Ох эти мужики-мужья. Послушаешь другой раз подружек — оторопь берет. Будто не на равных мы с мужьями начинали жизнь, будто подписку давали на унижение свое. Ведь не было же этого, так почему же подминают они своих жен? Чем таким не угождаем им? Пьяных спать укладываем, грязных обстираем, голодных накормим, усталых пожалеем, и все никак не угодить. Все чего-то им не так. Ну, что надо Павлу? Семья хорошая, ребята один к одному, уважительные, толковые. Витька скоро инженером будет. Гриша после армии закончит институт. Люся учится. В какой семье чтобы из троих трое получили высшее образование? А он все не рад. И добро бы сам содействовал их учебе, куда там, только мешал. Пил да пропивал, да шумел, а на меня все заботы взвалил. А я что, свободная, что ли? Сложа ручки сижу? Как бы не так, и в войну, и после войны на работе, да на какой! Входишь в цех, так и обдаст гарью, будто асфальтируют, и во рту горечь. Потом уж привыкнешь, не замечаешь. По вредности на первой категории стоим. Резина. На пенсию в пятьдесят лет выходят. Только мне не положено. Диспетчером стала работать, за перегородку посадили. Будто не тем же воздухом дышу. А все потому, что технический персонал. «А не уходи с конвейера, не уходи!» — смеялись товарки. Теперь еще дальше ушла, стала начальником смены. Училась. Курсы мастеров кончила на «отлично». Пока училась, Пашка еще сильнее стал пить. Да новую моду завел: как получит зарплату, так тут же и заявляет, что отделяется, будет жить один, хватит с него жилы тянуть! И за три-четыре дня всю получку просадит, а потом сидит на кухне голодный. И зло на него и жаль: я не накормлю — никто не накормит. «Иди, Паша, поешь...» — «А что у тебя там?» — «Суп мясной. Котлеты картофельные». — «Вообще-то, не очень охота. Ну да ладно».
А чего уж там неохота... Ешь, да не торопись. До чего дошел. И вот все стараюсь понять, почему у него такая неустроенная жизнь? Сказать, чтобы ему было тяжелее, чем мне, — не скажу. Я ведь что, мне и на завод надо, и дома управиться: обед приготовить, обстирать, прибрать. И Люсе надо помочь. Учится, до хозяйства ли ей. А ему что, пришел с завода, поел и «козла» пошел забивать. Ну, а там уж, как заведено у них, наскребут на красное или на пиво. А как начали, так и пошло. И слова не скажи, злой стал. Все водка...
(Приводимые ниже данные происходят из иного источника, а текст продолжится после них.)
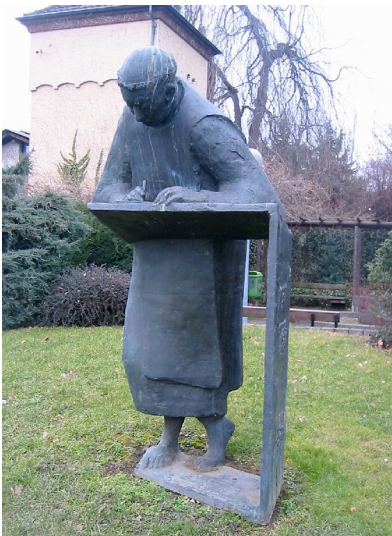
Die Statue des Caesarius von Heisterbach in Oberdollendorf (2008), ein Werk des deutschen Bildhauers Ernemann Sander aus dem Jahr 1991.
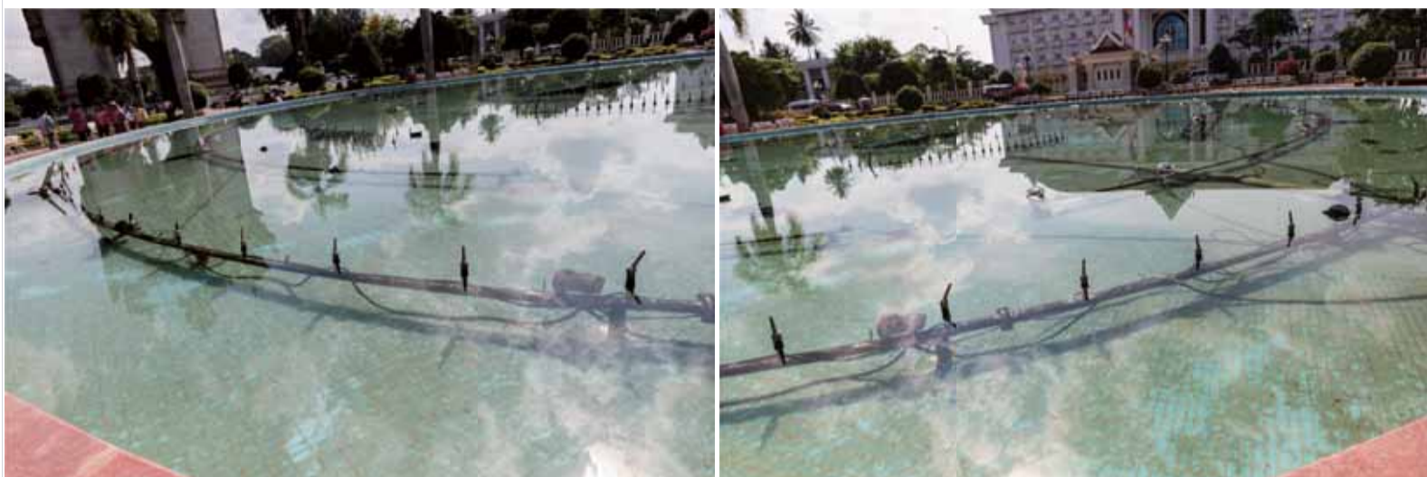
580mm x 820mm(each) ラムダプリント
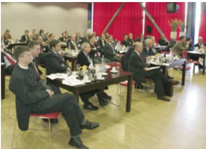
Algemene ledenvergadering VEBON, januari 2005

VEBON is samen met de verenigingen VPB, Uneto-Vni (vakgroep Beveiliging), VEB en NHI lid van het platform VvBO, het Verbond van Beveiligingsorganisaties. VvBO is eind 2003 opgericht met als doel de krachten te bundelen wat betreft onderwerpen als wet- en regelgeving op Europees en nationaal niveau, publiek-private aanpak van de veiligheidsproblematiek en de profilering van de sector als geheel.
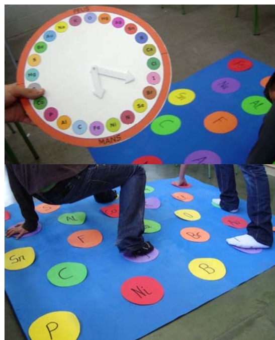
Figura 3. A dalt, ruleta. A sota, jugant al Twister.
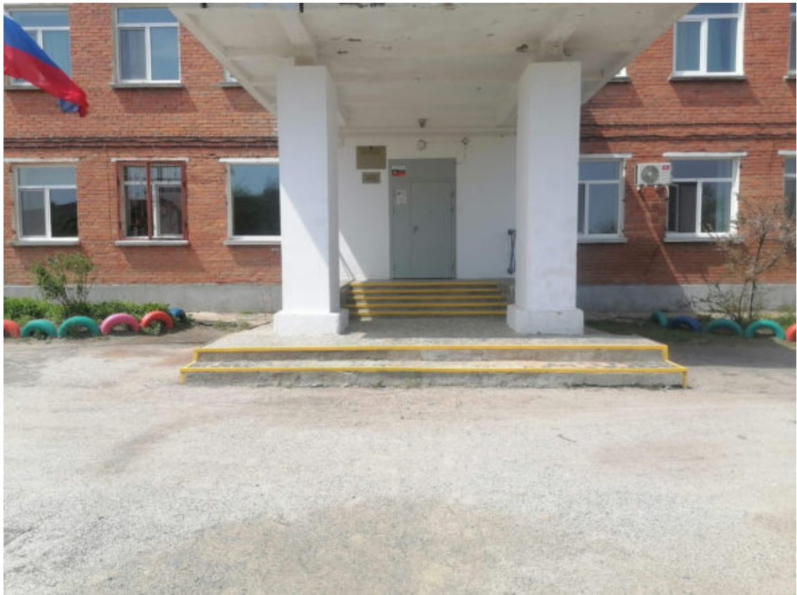
Рис. 3 Вход на территорию и наружная лестница

Прошел первый трамвай. Пора и вставать. Я люблю, когда просыпается город. Понемножку собирается утренний народ на трамвайных и автобусных остановках. Бывает, моросит дождь или завевает снежок, холодно, и все же как-то отрадно на сердце. Впереди весь день. Он только еще начинается, мой трудовой день. На трамвае до завода. Тоже хорошо — едешь, о чем-то думаешь, дремлешь или смотришь в окно. Потом заводской двор. Цех. Товарки, с которыми проработала вот уже тридцать лет. Сроднились так, что ближе и некуда, и посмеемся, и погрустим. Другой раз думаешь — уйти бы на другой завод. На других, послушаешь, и автоматизация полная, и сады в цехах, а наш, каким был при царе Горохе, таким и сегодня остался. Мало что изменилось на конвейере. Вся работа вручную. Некоторые намахивают за смену по четыре тысячи движений. И я, было время, намахивала. Но из-за товарок не ушла. С ними начинала в молодости, с ними состарилась, с ними вся жизнь.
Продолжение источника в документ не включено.